Она немного помолчала, потом глаза ее засияли:

— Олави, я придумала. Я срежу волосы, и ты сделаешь из них что-нибудь на память — из волос ведь что-то делают. Ты будешь всегда это носить и не забудешь меня даже тогда, когда полюбишь другую.

— Ах ты моя Черемуха! Не знаю — радоваться мне или плакать, слушая тебя. Ты говоришь это под наваждением весенней ночи. Займется день — и ты будешь думать иначе.

— Нет, никогда!

— Но это же ребячество. Разве тебе нужен какой-то предмет, чтобы помнить, как ты была со мной счастлива?

— Нет.

— А зачем же он мне?

— Прости меня, Олави, я такая глупая. Кроме твоей любви, мне ничего не надо.

— И мне тоже. Я хочу любить, ни о чем не спрашивая, ни о чем не думая.
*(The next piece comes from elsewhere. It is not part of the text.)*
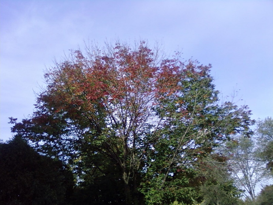 Red/yellow tree from inside UCE sanctuary -- Sunday 10/5/14

— Я всю жизнь буду помнить о том счастье, которое ты мне подарил, и сохраню эту тайну до самой смерти. И всю жизнь буду тебя благословлять.

Она приподнялась:

— Скажи мне, Олави, люди умирают от счастья?

— Не слыхал. Почему ты спрашиваешь?

— А если человек безмерно счастлив?

— Все равно — не думаю.

— Но ведь от горя же умирают… Если очень захотеть?

Олави охватили восторг и нежность.

— Черемуха! — сказал он, обнимая девушку. — Нет другой такой, как ты! А если бы и была — я не хотел бы ее.

— И ты тоже хотел бы со мной?..

— Хотел бы… задохнуться в твоем аромате, в горячей ласке твоих волос, — так было бы лучше для нас обоих.

Сестра Майю

Вечерний сумрак заглядывал в окно к Олави и всматривался в его бледное лицо. Олави было очень тоскливо, и он поведал свою тоску сумраку.

— Говорят, у меня тоже была сестра, ее звали Майю, — рассказывал он.

«Я хорошо знал ее, — ответил сумрак. — Она была веселой девочкой».

— Я ее не помню, — продолжал Олави, но мать часто рассказывала мне о ней и о том, как мы болели.

«Ах вот как. Я так и думал, что мать тебе об этом рассказывала».

— Она говорила, что в детстве я заболел и был совсем безнадежен. Близкие оплакивали меня, но утешались тем, что Олави станет ангелом и на голову ему наденут венец, а в руки дадут пальмовую ветвь. Сестру Майю они тоже утешали, они говорили ей, что, когда я стану ангелом, я буду приходить к ее постели, расправлять над ней белые крылья и отгонять плохие сны.

«Всем, пожалуй, было бы лучше, если бы так и случилось», — заметил сумрак.

— Но Майю плакала и кричала, что я должен стать не ангелом, а взрослым мужчиной — большим и сильным, больше отца. Она бросилась мне на шею и крикнула, что никому не позволит увезти Олави, даже если бы…

«Так оно и было, — кивнул сумрак. — Когда Майю бросилась к тебе, ты откинул крест, и все испугались, что она не даст тебе, бедняжке, спокойно умереть».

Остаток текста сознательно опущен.